Keep calm and carillon


Rachel Williams/OP archives

The Elliott Tower has a 49-bell carillon installed inside, weighing more than 15 tons.

For the second summer in a row, Oakland University is bringing the community together through the use of Elliott Tower.

The Carillon Concert series put on by the university gives students and community members the chance to see internationally recognized carillonneurs perform for free.

A carillon is an instrument comprised of at least 23 bells, traditionally suspended in a bell tower. The Elliott Tower has a fully chromatic 49-bell carillon installed that together weighs more than 15 tons.

Despite what Disney movie fans may be picturing, carillonneurs are far from the Hunchback of Notre Dame. Carollineurs are a “small niche,” according to University of Michigan professor and guest carillonneur, Tiffany Ng.

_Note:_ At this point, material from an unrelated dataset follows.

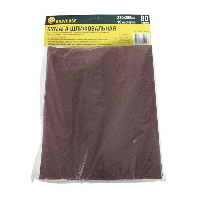 Шлифовальная бумага Universe USL150080 предназначена для шлифования твердых и мягких пород древесины, фанеры, ДСП, металла и других материалов, а также для зачистки лакокрасочных покрытий. Степень зернистости Р-80 позволяет произвести первичную зачистку и разравнивание поверхности.

Carillonneurs travel the world, playing a variety of carillons in cities far and wide. Most carillons are divided between North America and Europe, but the instruments can be found worldwide.

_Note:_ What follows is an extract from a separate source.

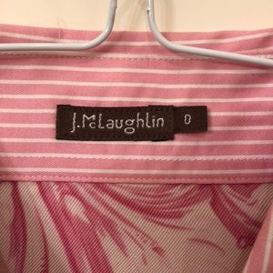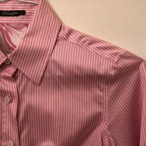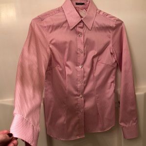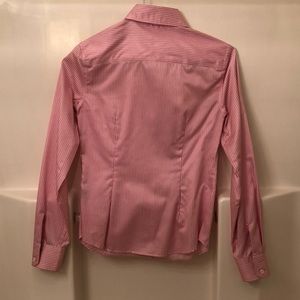 Beautiful top that retails for $168. Excellent condition except for two tiny spots pictured here that are hardly noticeable and could easily be dry cleaned out for a couple dollars. 100% silk work professional couture. love this pink pin striped gem! selling at a steal!

“Actually, this is a very light carillon,” Ng said of the Elliott Tower’s carillon. “It’s a really gorgeous instrument. It’s one of only 640 in the world, so a real treasure.”

The university will be putting on free concerts every Friday at 6 p.m. from July 1 to Aug. 5. Each performance will be an hour long and include a free tour of the tower after the concert and question and answer session with the carillonneurs.

At the June 8 performance, Professor Ng explained the history of carillons, her experiences and what makes Elliott Tower special.

“You have a very advanced clock tower,” Ng said. “It has the ability to program melodies into it, so that’s not one I’ve seen often. Another thing that’s really unique about this tower, I’d say, is that the carillon is just so responsive.”

The clock tower concerts have offered the community a chance to look at OU in a new perspective, drawing together a large amount of people of all ages.

“The concert series definitely brings people together,” said George Preisinger, OU’s assistant vice president of technical support. “There are a significant number of faculty and staff who have attended the concerts both last year and this year along with the larger external community at large.”

The upcoming Friday, July 22 performance features Linda Dzuris from Clemson University. The July 29 performance will feature the Netherlands’ Hylke Banning, and the Aug. 5 performance will be played by Mathieu Daniel Polak, who is also from the Netherlands. Check out one of these events to mingle and enjoy the music played from Elliott Tower.